Thus, our observations in live animals confirm that the local resting [Ca²⁺] is a key regulator of astroglial Ca²⁺ signals. Our results demonstrate that higher resting [Ca²⁺] levels increase the peaks while lowering the amplitudes of Ca²⁺ transients and vice versa.

Discussion

In this study, we set out to establish how the variability of the local resting [Ca²⁺] in astroglia determines the properties of Ca²⁺ signals. Using FLIM of OGB2 loaded via the patch pipette into individual astrocytes, we observed resting [Ca²⁺] concentrations of 62.7 ± 33.4 nM (mean ± SD), which is in line with previous studies (Kuchibhotla et al., 2009, Parpura and Haydon, 2000, Zheng et al., 2015). Within individual cells, the resting [Ca²⁺] varied considerably between sub-compartments (average CV ∼0.4).

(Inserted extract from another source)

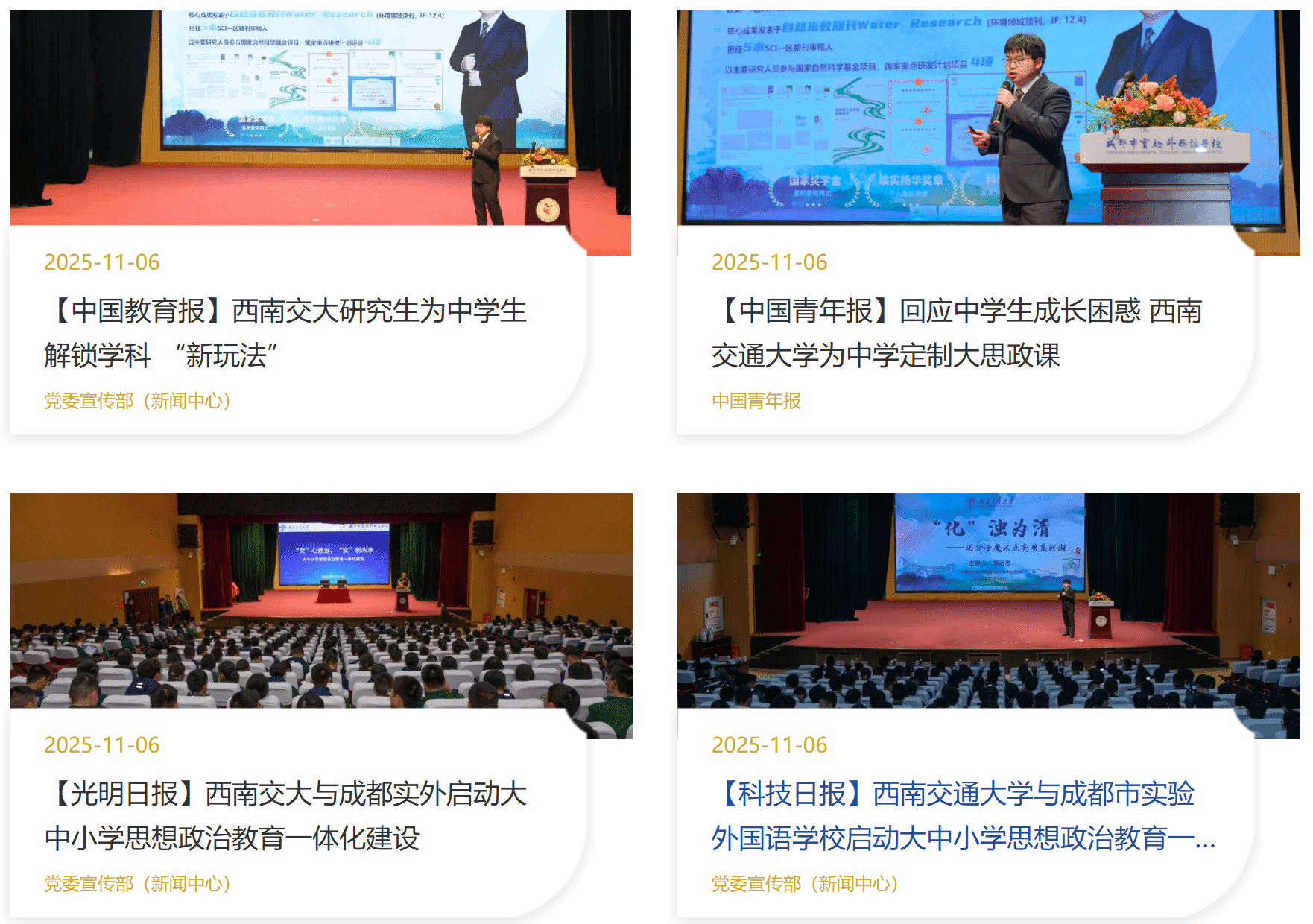 近日,西南交通大学与成都市实验外国语学校签署合作备忘录,正式启动大中小学思想政治教育一体化建设项目。我校党委副书记高平平出席活动并为共建基地揭牌。

We then asked whether the magnitude of evoked Ca²⁺ transients depends on the local resting [Ca²⁺] using FLIM of OGB2-loaded astroglia. Here, we used activation of metabotropic glutamate receptors (DHPG), a robust method to induce astroglial Ca²⁺ signaling in the hippocampus at various stages of development (Porter and McCarthy, 1996, Sherwood et al., 2017, Tang et al., 2015). The peak [Ca²⁺] of evoked Ca²⁺ signals was positively correlated with the basal [Ca²⁺] before the response. In contrast, the amplitude of the response, i.e., the difference between the peak and the baseline, displayed a negative correlation with resting [Ca²⁺]. Importantly, bidirectional manipulations of the resting [Ca²⁺], by UV uncaging of either Ca²⁺ or Ca²⁺ buffers inside astroglia, affected peak and amplitude of Ca²⁺ signals in a fashion predicted by the DHPG experiments. This confirmed a causal role of the local resting [Ca²⁺] in setting peaks and amplitudes of Ca²⁺ signals. These findings were further substantiated by recordings of spontaneous Ca²⁺ transients in acute slices and in vivo. In addition, we found that purinergic and adrenergic Ca²⁺ transients in acute slices and locomotion-associated Ca²⁺ transients in awake mice were governed by the same principle. Thus, over a wide range of experimental protocols and preparations, the local resting [Ca²⁺] determines the properties of astroglial Ca²⁺ signals: a higher resting [Ca²⁺] leads to Ca²⁺ signals with a higher peak [Ca²⁺] but with lower amplitude and vice versa.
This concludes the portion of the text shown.